Available data:

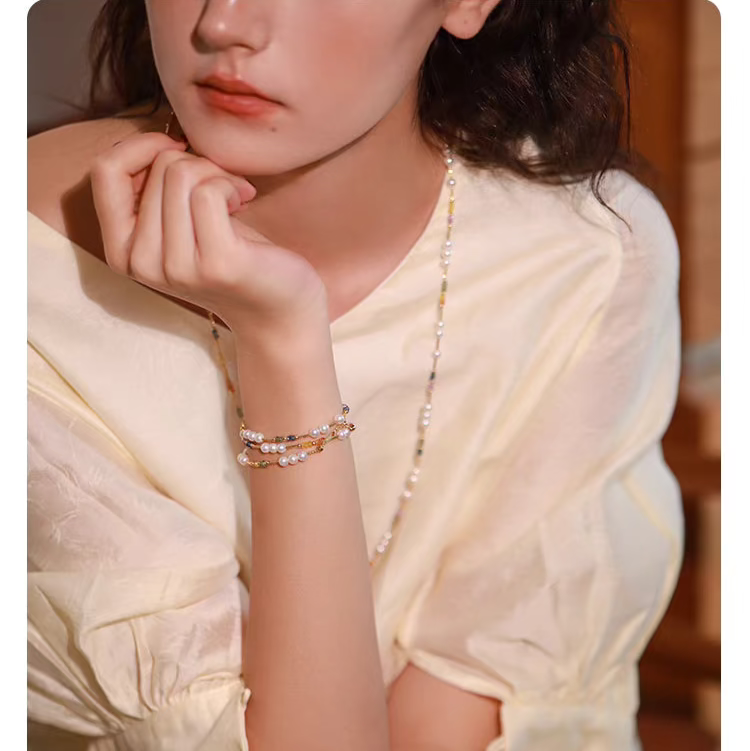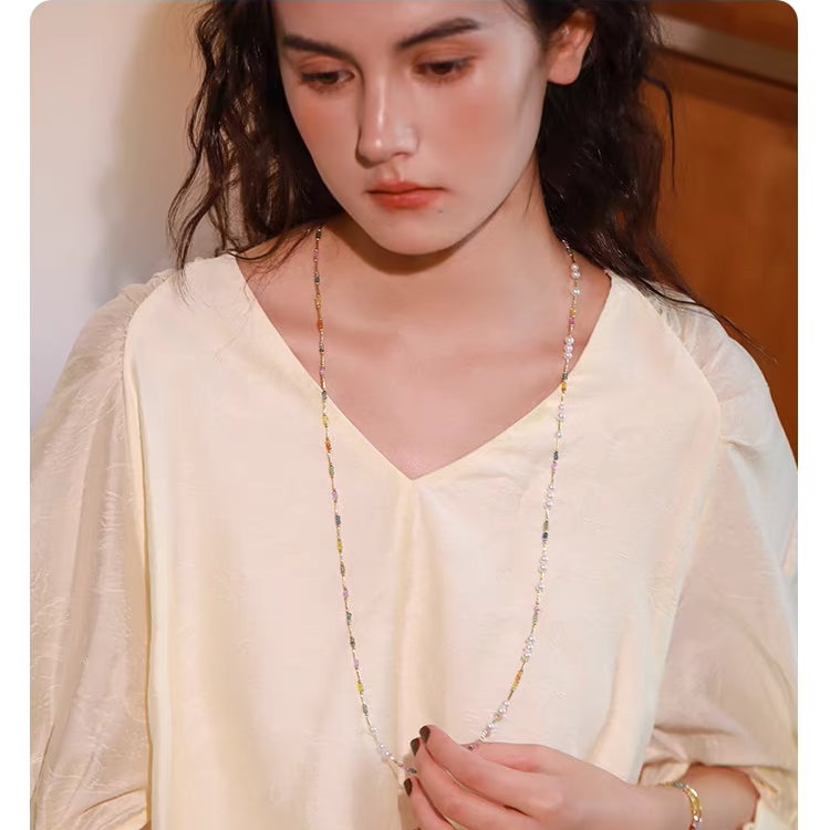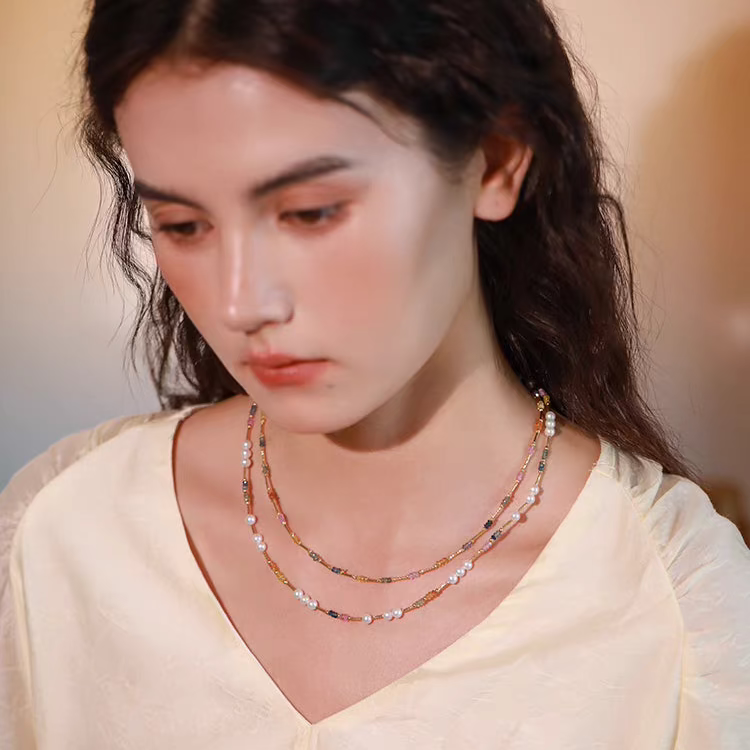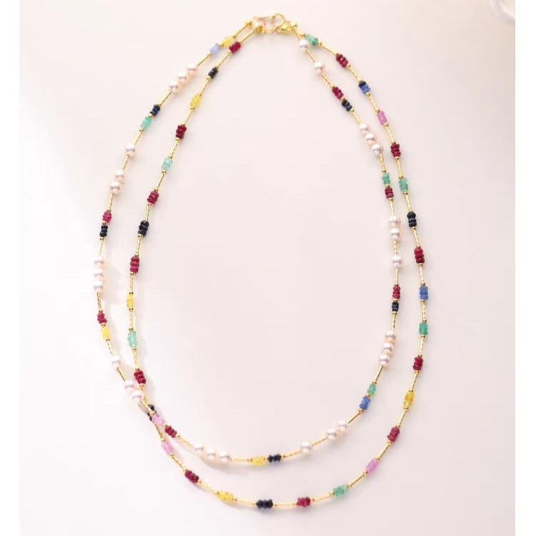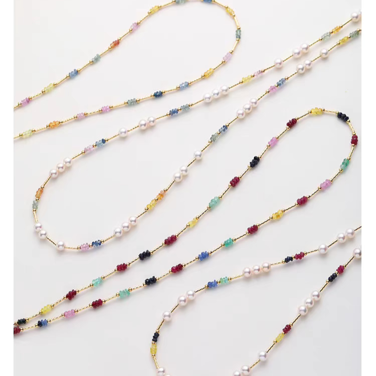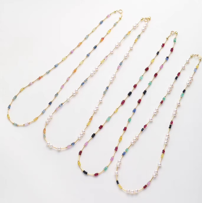 Natural Pearl & Colorful Sapphire Necklace – Summer Dopamine 18K Gold Beaded Collarbone Necklace
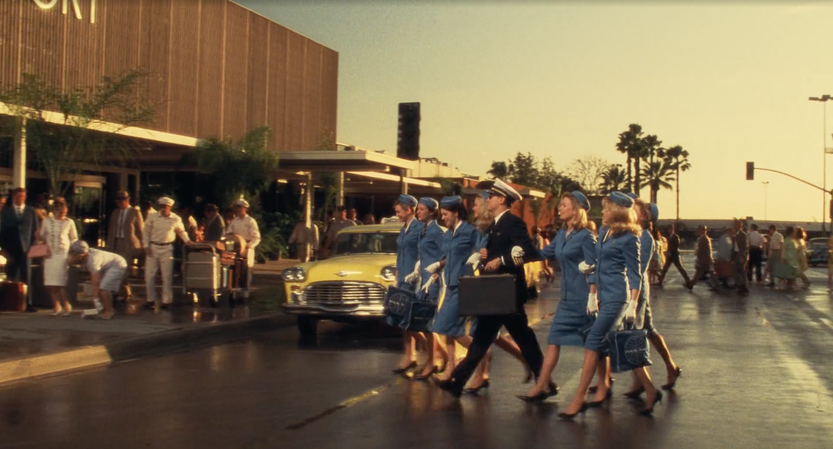 Other places featured in the film, including the Tropicana Motel, the laundromat, the diner, Frank’s Atlanta apartment, and the multiple airports all are great examples of the more modern side of mid-century design. In Frank’s Atlanta apartment, there are many instances of the trendiest pieces of mid-century design at the time. Pieces included a lamp inspired by Robert Sonneman’s 1960s floor lamp, Italian designed wall decor, and Danish teak sideboards.
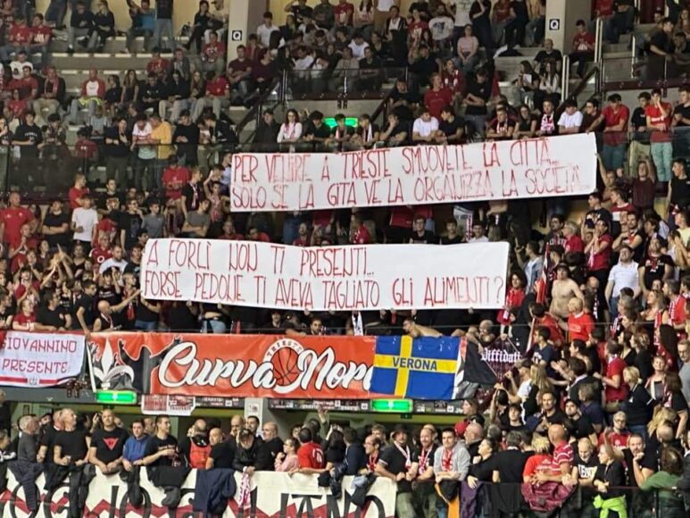(Nella foto di copertina, l’accoglienza ultrà domenica scorsa al palaRubini agli udinesi in trasferta)
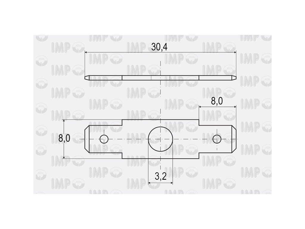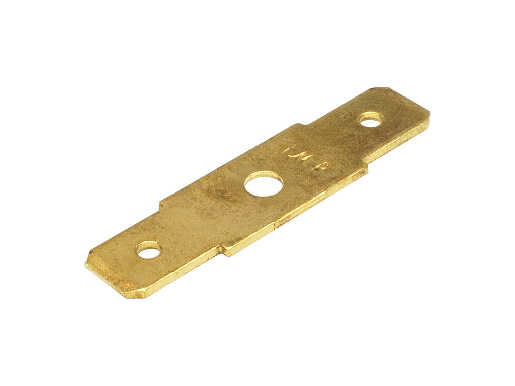 Nýtovací konektor 6,3mm - dvojitý rovný - síla materiálu 0,8mm - Ø otvoru: 3,2mm - materiál: mosaz (CuZn) - provozní teplota: 107°C - balení PVC sáček 5000ks
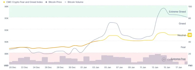 加密恐惧与贪婪指数在周五从50降至49,过去几天维持在49,处于中性区间。
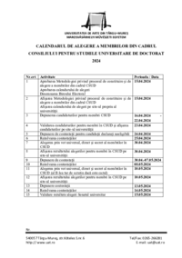 UNIVERSITATEA DE ARTE DIN TÂRGU–MUREȘ MAROSVÁSÁRHELYI MŰVÉSZETI EGYETEM CALENDARUL DE ALEGERE A MEMBRILOR DIN CADRUL CONSILIULUI PENTRU STUDIILE UNIVERSITARE DE DOCTORAT 2024 Nr.crt. Activitate…

Task description:
Return the lines above from the one with "Other places featured" through the one with "(Nella foto di", verbatim and nothing else. Omit every picture.

Result below:
 Other places featured in the film, including the Tropicana Motel, the laundromat, the diner, Frank’s Atlanta apartment, and the multiple airports all are great examples of the more modern side of mid-century design. In Frank’s Atlanta apartment, there are many instances of the trendiest pieces of mid-century design at the time. Pieces included a lamp inspired by Robert Sonneman’s 1960s floor lamp, Italian designed wall decor, and Danish teak sideboards.
(Nella foto di copertina, l’accoglienza ultrà domenica scorsa al palaRubini agli udinesi in trasferta)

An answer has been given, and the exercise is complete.